94. What you whispered to your father in the ICU, when he could not respond, and the nurse stepped out for two minutes. You said something you had been holding for thirty years.

95. The exact weight of the silence in your house the week after your grandmother died. The way every room had less in it. The way the kitchen, especially, did not know what to be. The way the steel container she used for sugar stayed exactly where she had left it, and nobody moved it for three months, and then somebody did, and nobody mentioned it.

96. The first sentence of a Hindi prayer you learned at age six and have not said in twenty years and could still say tonight if asked. The body remembers what the calendar forgot.

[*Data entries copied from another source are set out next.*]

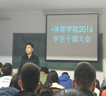 201631日,我院在学院一层多媒体教室召开了“体育学院2016年学生干部大会。学院党总支副书记贾鹏老师、学生科科长李士荣老师、团委书记唐伟老师、辅导员王华慧老师参加了本次大会。
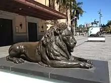 The bronze lion sculptures and statue of King George V, in front of the King George Square façade of Brisbane City Hall, were initially part of the King George V memorial, which was unveiled in 1938 as a tribute to the King from the citizens of Brisbane. The statue initially faced towards city hall, however this was changed in 1975 following a visit by Queen Elizabeth II, who remarked, 'why is grandpapa retreating?' upon seeing the statue.[31] In 2007, the lions, modelled on the bronze lions of Trafalgar Square, and the statue were removed for renovations to the Square. They were re-incorporated into the newly redeveloped King George Square in 2009.
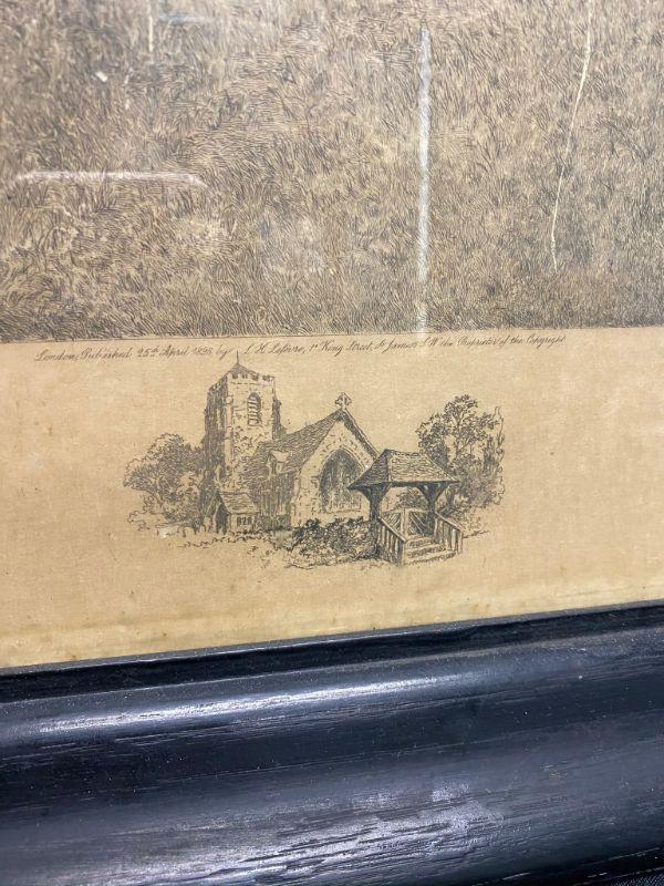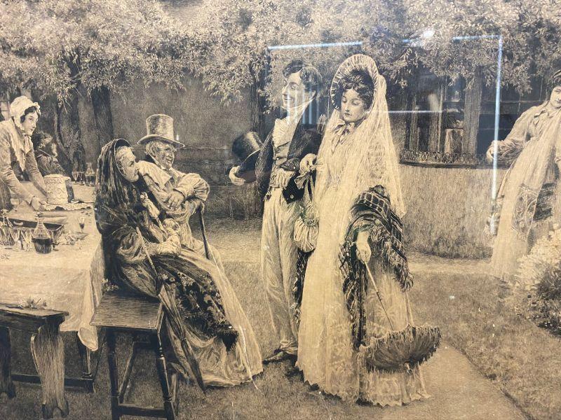W.H. Bouchar etching after the English genre painter Walter Dendy Sadler's painting entitled "Wedding Brunch" depicting a mid wedding ceremony of a young beautiful couple. Etching was printed in April of 1898 published by L.H. Leferve, King Street, Copyright Registered by the British Art Publishers Union Limited New York Printed in London by T Brooker & Co. This

97. The way you fold a hundred rupee note before slipping it to a child at Diwali. Folded into quarters. Always with a small smile. Always when no other adult is looking.

98. The way your handwriting in Bengali, or Tamil, or Marathi, looks different from your handwriting in English. Slower. Rounder. More yours. The English one is the one the model has. The other one is the one nobody has.

99. The dream you had three nights ago and have already half-forgotten. There was a corridor. There was someone you used to know. There was a feeling you have not had in years that you cannot name now. You woke up and reached for your phone before you reached for the dream, and the dream slipped, and you did not get it back.

100. The thought you are having right now, reading this, that you will not type into anything, will not say out loud, will not even fully finish in your own head.

101. The way you will close this book in a moment and sit, for ten seconds or two minutes, doing nothing, with the lights on in your kitchen, and the fan on, and the small ordinary weight of being you, in a body, in a country, in a particular hour of a particular evening, that no model will ever sit inside.

The model has none of this. It will never have any of this. Other humans have some of it, in pieces, and the people who have the most of it are the people you have spent decades letting in. Your mother has more of you than the model ever will. So does your sister. So does the friend you have not called in six months. By 2030, the people who let the model become the main holder of their interior life will have something thinner where this list used to live, and they will not know what is missing because the missing will be the kind of thing that never made it into any record. The first kind of person keeps the list. They keep adding to it. They keep handing pieces of it, slowly, to the small number of humans who can carry it. That is the work.